In the non-Strange division, over in the corner, there's poor cancelled Irredeemable Ant-Man #11--when a "fan-favorite" creator like Robert Kirkman can't sell a Marvel Universe series for beans, there's a problem. (The first comics store I went to this week didn't even carry it. The second had two copies of this issue peeking out from behind an Essential Amazing Spider-Man TPB.) Next issue is the final one, but this one seems to have been plotted as the wrap-up, oddly enough--most of the dangling plot threads are brusquely dispatched here (I think the only ones left have to do with Eric's love life), it's called "Redeemed" for that soothing full-circle sensation, and it ends with the status quo of the beginning of the series mostly restored.

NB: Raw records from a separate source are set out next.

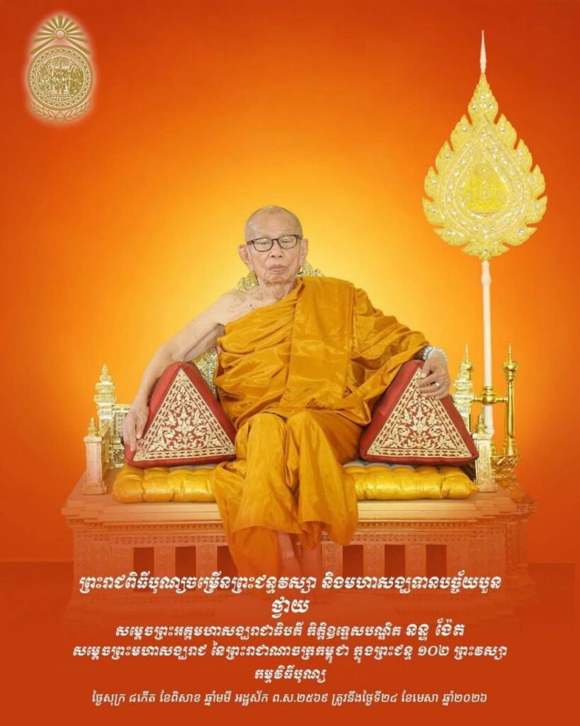 ព្រះរាជពិធីបុណ្យចម្រើនព្រះជន្មវស្សា និងមហាសង្ឃទានបច្ច័យបួនថ្វាយសម្តេចព្រះអគ្គមហាសង្ឃរាជាធិបតី កិត្តិឧទ្ទេសបណ្ឌិត នន្ទ ង៉ែត សម្តេចព្រះមហាសង្ឃរាជនៃព្រះរាជាណាចក្រកម្ពុជា ក្នុងព្រះជន្ម ១០២ ព្រះវស្សា នឹងប្រព្រឹត្តទៅនៅថ្ងៃទី២៤ ខែមេសា ឆ្នាំ២០២៦ នៅវត្តបទុមវតី រាជធានីភ្នំពេញ ដោយមានការអញ្ជើញចូលរួមពី សម្តេចមហាបវរធិបតី ហ៊ុន ម៉ាណែត និងលោកជំទាវបណ្ឌិត ពេជ ចន្ទមុន្នី។
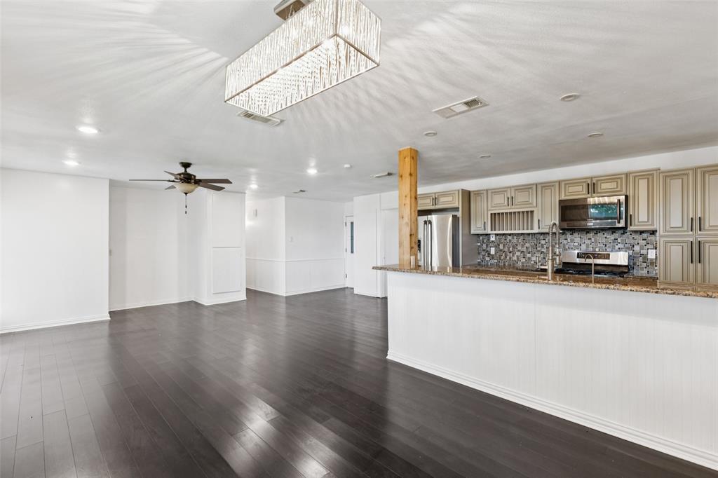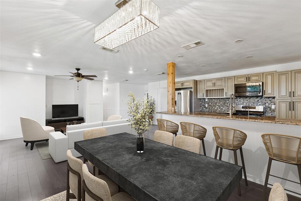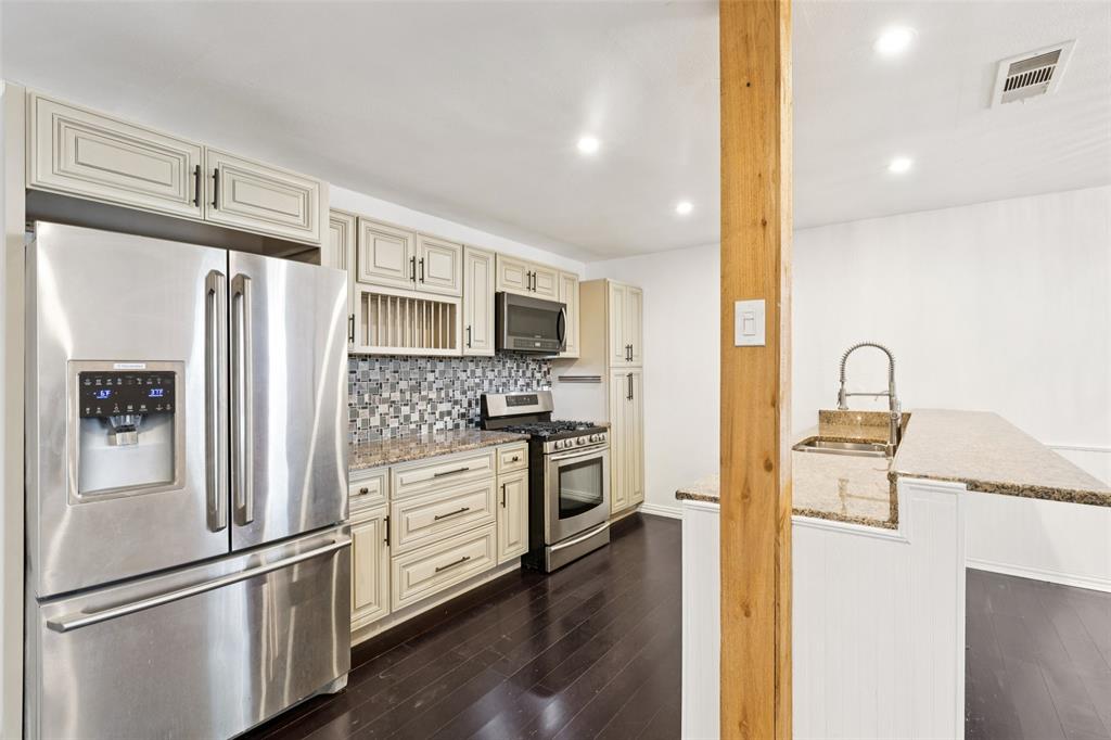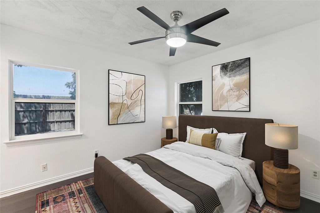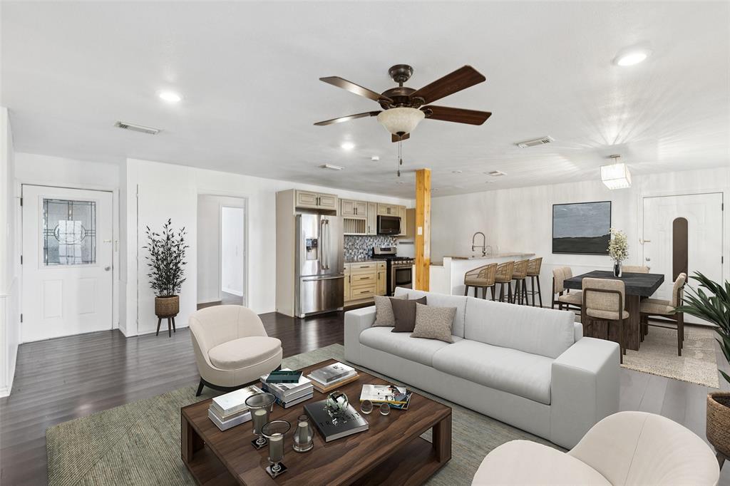 Situated on a Texas-size 0.25-acre lot, this beautifully updated mid-century home is truly move-in ready! The thoughtful floor plan offers 4 bedrooms, 2 bathrooms, and a versatile home office that could serve as a 5th bedroom if needed. The light-filled open-concept living room showcases a soft white color palette and rich bamboo flooring that flows throughout the main living areas, combining both style and durability. The kitchen features a designer backsplash, granite countertops, stainless steel appliances, gas cooktop, updated hardware, recessed lighting, and a refrigerator that conveys with the sale. Right off the the kitchen, is an oversized utility room that provides space for an extra refrigerator or freezer—ideal for bulk shopping and keeping organized. Generously sized bedrooms include a primary suite with a walk-in closet and private ensuite bath. Outdoors, the tranquil backyard offers a small deck area perfect for enjoying morning coffee or evening relaxation. The fully fenced yard features a gated driveway for added security and privacy. Additional highlights include a detached 3-car garage, extended driveway with ample space for RV parking, or the potential to create a sports court area. No HOA! Located near parks, schools, and conveniently positioned near PGBT, Highway 75, The Shire, Firewheel Town Center, and Historic Downtown Plano - offering up an array of entertainment, shopping, and dining options to enjoy! Well-positioned in Richardson's business community and tech hub near major employers, Collin College, and UTD. 3D scan available online.
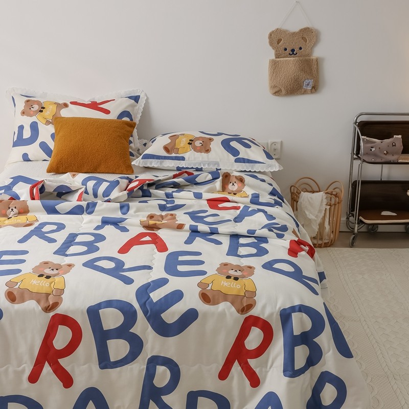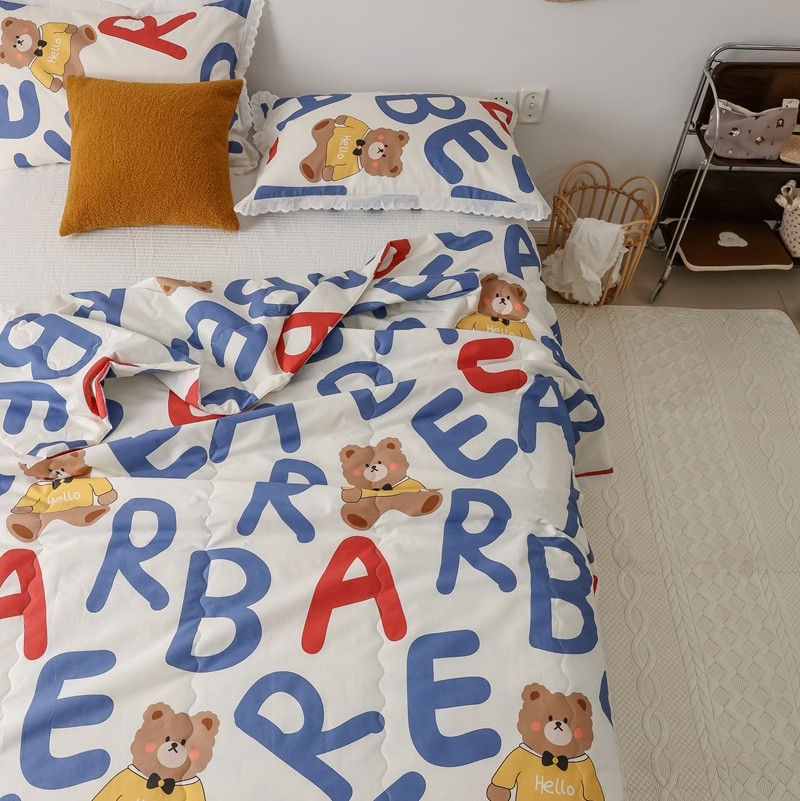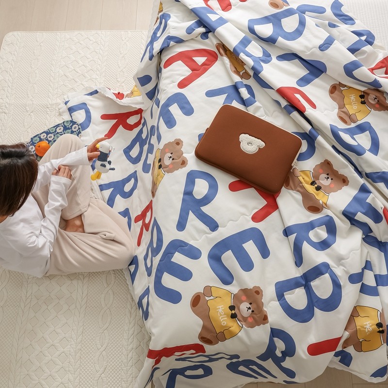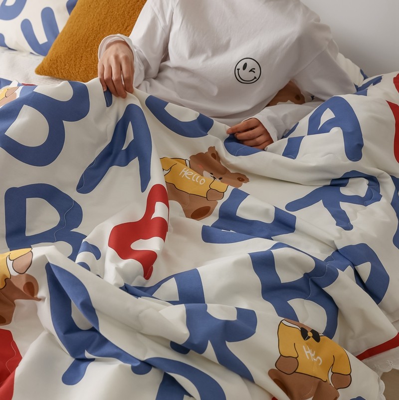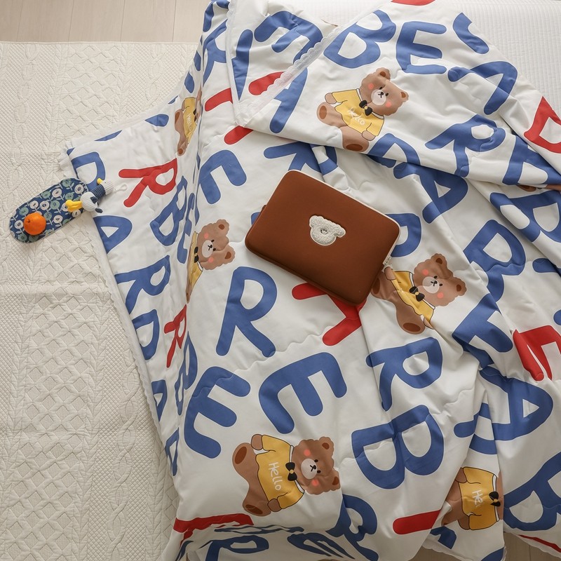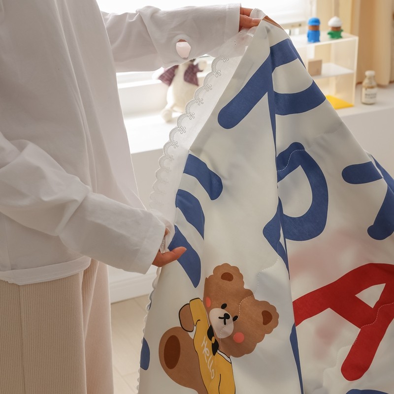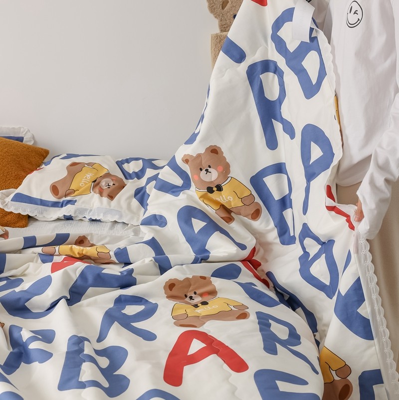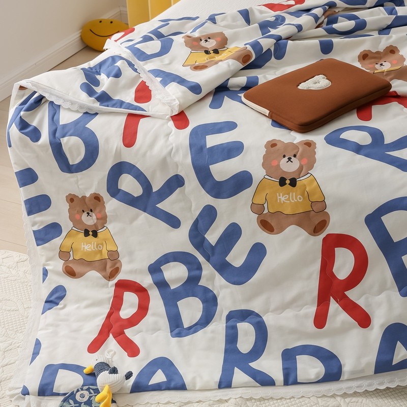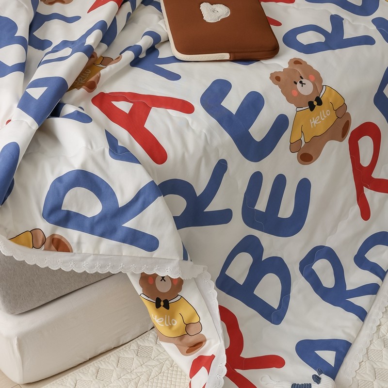 丽笙 2021新款全棉印花花边夏被 字母熊米
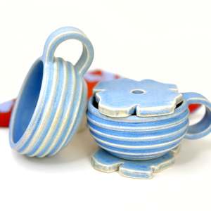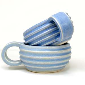This set includes two 5 oz handcrafted clay mugs inspired by the freshness of spring, bringing a touch of artisanal charm to your everyday rituals. Each piece is uniquely handmade without molds, ensuring no two are exactly alike. Glazed with food-safe finishes, they are perfect for a cozy cappuccino or a generous 5 oz pour. Embrace the beauty of imperfection and enhance your daily moments with sustainable, handcrafted sophistication. Clay: BB Mix + sand Glaze: Semi-matte color Blue Frost Handcrafted from USA-sourced clay with unique, mold-free, small-batch production. Glazed finish (not microwave-safe). Handwashing is recommended to prevent surface decay and scratches. Please note that slight variations in size may occur due to the clay's natural behavior during the drying and firing process.

I've really enjoyed the formalist tricks of this series, especially the sixteen-panel grid Phil Hester's given it--there aren't sixteen panels on many pages, but the panel borders are always more or less where they would be if there were. Honesly, though, I don't know how much longer Kirkman, Hester and Parks could've sustained it: the series is built around one joke, which is that Eric O'Grady is a weaselly jerk who keeps doing the right thing more or less by accident. His victory here consists of lying through his teeth to save his own skin, then selling out the person who's come to rescue him--all of which is funny in theory, and only sort of works on the page. It's an Okay issue of a series that's generally been more impressive in its ambition than its execution.